This is all very familiar now, the umpteenth iteration in an endless repetition. I’ve been here before, too many times, a purgatory of repeated experience.

Romy, Julian and Ben produce painstakingly-crafted handmade half-masques from thin air, an archetypal conjuring. They tie the masques to their faces with black cloth, their mouths still visible, but something unmistakably changed in their aspects, a
more
-ness. Ty stands mute, his face pancaked white, a checkered dunce cap on his head.

“The dance must continue,” Julian says, another masque in his hands,
my
masque, my true essence in bright primary colors. I know that I can decline, deny my nature and flee the bar, live a normal life and die in my bed sixty years from now. I could give it all up, refuse to play the cosmic game any longer, hang up my spurs.

I could, but I won’t. I just wouldn’t be myself.

I pluck the masque from Julian’s hands and tie it onto my face with a flourish. Through the eye-holes, the world looks more alive, brighter, energetic, full of sound and fury and slings and arrows, but beautiful all the same. I smile and wait for the music to start, for the amnesia to settle in, for the dance to begin once more.

The Artists Pentaptych

1. batik

Komang looks on as her wares are pored over by the American tourists, as they pick through the fruits of her livelihood and determine whether she will eat this night. The American woman eyes an intricate scarf that took Komang the better part of a month to craft, running her thick indelicate fingers over the fabric, not truly appreciating the artistry that went into creating such a thing. Both the tourists reek of Western wealth and privilege, and Komang knows in her soul that they will be stingy in their purchases.

Hers is the skill of
batik tulis,
the artisan who works in fabric and wax. In her youth, royalty throughout the Middle East and Asia clamored for her designs. Her hand, from a very young age, was the most steady of any that had been seen in a hundred years. When she drew her
canting
over cotton or silk, she needed no charcoal guidelines, and her strokes and curves flowed like perfection. She would outline the leaves of bougainvillea, or trace scenes from
The Ramayana,
and her praises were sung throughout a dozen lands.

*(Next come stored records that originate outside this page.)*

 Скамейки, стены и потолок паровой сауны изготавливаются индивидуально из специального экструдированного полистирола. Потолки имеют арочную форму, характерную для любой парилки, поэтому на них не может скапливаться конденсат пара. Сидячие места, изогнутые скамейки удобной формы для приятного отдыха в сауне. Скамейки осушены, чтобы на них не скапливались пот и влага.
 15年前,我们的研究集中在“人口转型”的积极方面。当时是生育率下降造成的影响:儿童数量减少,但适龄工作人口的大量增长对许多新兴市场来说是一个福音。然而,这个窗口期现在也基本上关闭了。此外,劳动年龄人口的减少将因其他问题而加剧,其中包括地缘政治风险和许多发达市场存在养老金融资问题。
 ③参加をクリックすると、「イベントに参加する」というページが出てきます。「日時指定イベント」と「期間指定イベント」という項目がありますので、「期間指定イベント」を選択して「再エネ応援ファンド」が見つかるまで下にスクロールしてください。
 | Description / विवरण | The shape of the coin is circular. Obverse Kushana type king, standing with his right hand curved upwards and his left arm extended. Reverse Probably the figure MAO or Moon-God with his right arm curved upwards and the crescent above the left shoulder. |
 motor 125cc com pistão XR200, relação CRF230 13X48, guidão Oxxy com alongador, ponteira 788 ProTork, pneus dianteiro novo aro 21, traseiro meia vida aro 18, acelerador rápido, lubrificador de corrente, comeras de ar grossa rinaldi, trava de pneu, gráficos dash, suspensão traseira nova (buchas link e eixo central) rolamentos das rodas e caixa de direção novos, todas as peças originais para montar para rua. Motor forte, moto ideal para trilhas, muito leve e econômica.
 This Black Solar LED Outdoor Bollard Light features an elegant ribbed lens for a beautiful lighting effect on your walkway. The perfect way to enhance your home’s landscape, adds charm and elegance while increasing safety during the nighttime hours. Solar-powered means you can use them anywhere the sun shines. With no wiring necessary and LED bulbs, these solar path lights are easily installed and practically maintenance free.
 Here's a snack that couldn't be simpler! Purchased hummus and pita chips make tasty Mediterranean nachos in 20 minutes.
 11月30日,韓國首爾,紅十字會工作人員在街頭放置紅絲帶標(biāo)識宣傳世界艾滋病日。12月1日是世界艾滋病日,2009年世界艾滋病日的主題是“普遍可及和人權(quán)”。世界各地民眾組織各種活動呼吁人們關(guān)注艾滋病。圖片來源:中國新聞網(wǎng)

But those days are over. Komang is now an old woman, attempting to survive in a land racked by poverty and disease. Her artwork is only seen in the airport gift shops and her own ramshackle road stand. The American woman has picked up a
batik
coin purse, the least expensive product Komang has to offer. She wants to accost the tourist, tell her about the terrible living conditions all over Bali, describe the pervading air of hopelessness, implore her to give more, to share the good luck she has enjoyed. But Komang knows the argument would be fruitless, so she forces a smile, and accepts the American’s pittance for the purse.

Later that evening, after she has given her day’s earnings to her grandchildren so that they might buy rice for dinner, Komang sits at her stool, attempting to bring some beauty to a place that has turned ugly. She dips her
canting,
a gift from the Sultan of Brunei, into the bowl of hot wax, peers at the rectangle of rough burlap in front of her, and begins.

2. surrogate

Susan first thought having a surrogate was great. She wasn’t pregnant, like most of the couples who used surrogates, but her sex drive wasn’t quite up to the level of her husband’s. After five years of marriage, Brad still had the libido of a wild rabbit, and she just wasn’t up to the task anymore. She needed a rest. After talking to her friend Jennifer, who was five months pregnant with her third child, Susan found the company in the phone book and made the call.

Cassie had been a regular surrogate for almost two months, coming over four times a week sometimes. She was in the house now, pleasuring Brad loudly in the upstairs bedroom while Susan tried to watch a television documentary on ocelots. Cassie had gradually gotten louder as the weeks had progressed, which set Susan’s nerves on edge. If she was going to screw Brad, she could at least do it respectfully.

Then it occurred to Susan that maybe Brad liked it loud and raucous. She had always been fairly tame in the bedroom, never making much more noise than heavy breathing. When Brad tried to spank her one time, she wouldn’t talk to him for a week. Maybe she didn’t know her husband at all. If he liked his sex rough, what else was he hiding from her?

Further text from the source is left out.